---------- THE INPUT ----------

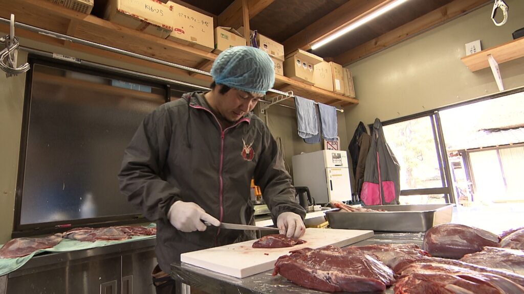 そんな美山町にある築160年の茅葺き屋根の古民家レストラン「ゆるり」は、美山生まれの梅棹レオさんと妻の悠里さんが切り盛りしています。レオさんが持つもうひとつの顔がジビエの解体師。獣害で悩む地元の人たちを助けたいと、10年前に解体場を立ち上げました。
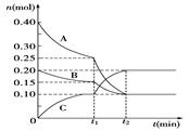 (7分)現(xiàn)將0.40 mol A氣體和0.20 mol B氣體充入10 L的密閉容器中,在一定條件下使其發(fā)生反應(yīng)生成氣體C,其物質(zhì)的量的變化如圖:![]()
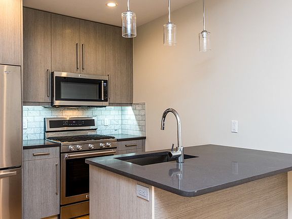 1-bedroom apartment in a brand new boutique building is available for rent as of April 1. All eight apartments were finished with the finest materials and attention to details to create beautiful, cozy and practical homes. Kitchen features custom-made cabinetry with quartz countertop, undercabinet light and carrara marble backsplash, stainless steel appliances, and an enlarged kitchen island which creates a comfortable dining area or workplace. Residents will enjoy deep soaking tub with a rainhead and handheld shower system, heated floor, and a washer and a vented dryer in the bathroom finished with white oak marble, Toto and Duravit fixtures. Separately zoned, efficient HVAC system allows to control temperature in the living room independently from the bedroom. Hardwood floors, large windows, high ceilings, audio-video intercom and an entryway vestibule serving as a storage add to the residents' comfort. The building is located on a beautiful block, steps from the G train station, Citi bikes, a bus stop and a short walk from the ferry. Parks, restaurants and supermarkets are all within a close proximity to the building. Pets allowed on a case-by-case basis. No fees posted by the owner of the building.
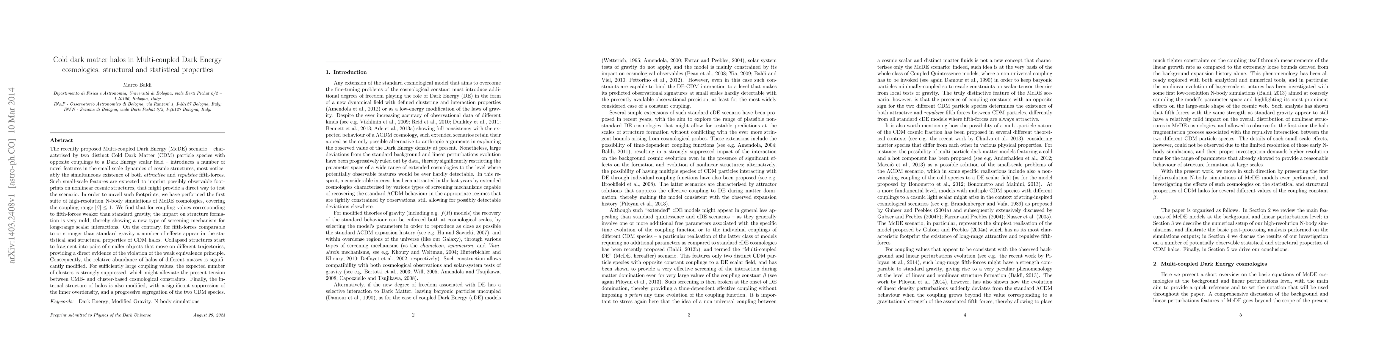 The research conducted high-resolution N-body simulations in Multi-coupled Dark Energy (McDE) cosmologies, revealing that mild fifth-forces lead to a novel screening mechanism for scalar interactions. For stronger fifth-forces, halos fragment, violating weak equivalence principle, altering halo mass abundance, and changing halo internal structure by suppressing inner overdensity and segregating CDM species. This could potentially resolve tension between CMB and cluster-based cosmological constraints.
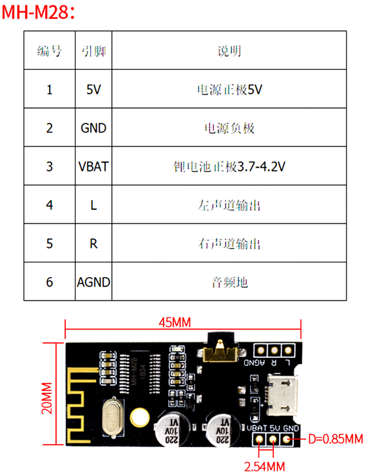 M28-5.0藍牙音頻接收器模塊

----------

In your copy, include no pictures, but reproduce all records exactly.

 そんな美山町にある築160年の茅葺き屋根の古民家レストラン「ゆるり」は、美山生まれの梅棹レオさんと妻の悠里さんが切り盛りしています。レオさんが持つもうひとつの顔がジビエの解体師。獣害で悩む地元の人たちを助けたいと、10年前に解体場を立ち上げました。
 (7分)現(xiàn)將0.40 mol A氣體和0.20 mol B氣體充入10 L的密閉容器中,在一定條件下使其發(fā)生反應(yīng)生成氣體C,其物質(zhì)的量的變化如圖:![]()
 1-bedroom apartment in a brand new boutique building is available for rent as of April 1. All eight apartments were finished with the finest materials and attention to details to create beautiful, cozy and practical homes. Kitchen features custom-made cabinetry with quartz countertop, undercabinet light and carrara marble backsplash, stainless steel appliances, and an enlarged kitchen island which creates a comfortable dining area or workplace. Residents will enjoy deep soaking tub with a rainhead and handheld shower system, heated floor, and a washer and a vented dryer in the bathroom finished with white oak marble, Toto and Duravit fixtures. Separately zoned, efficient HVAC system allows to control temperature in the living room independently from the bedroom. Hardwood floors, large windows, high ceilings, audio-video intercom and an entryway vestibule serving as a storage add to the residents' comfort. The building is located on a beautiful block, steps from the G train station, Citi bikes, a bus stop and a short walk from the ferry. Parks, restaurants and supermarkets are all within a close proximity to the building. Pets allowed on a case-by-case basis. No fees posted by the owner of the building.
 The research conducted high-resolution N-body simulations in Multi-coupled Dark Energy (McDE) cosmologies, revealing that mild fifth-forces lead to a novel screening mechanism for scalar interactions. For stronger fifth-forces, halos fragment, violating weak equivalence principle, altering halo mass abundance, and changing halo internal structure by suppressing inner overdensity and segregating CDM species. This could potentially resolve tension between CMB and cluster-based cosmological constraints.
 M28-5.0藍牙音頻接收器模塊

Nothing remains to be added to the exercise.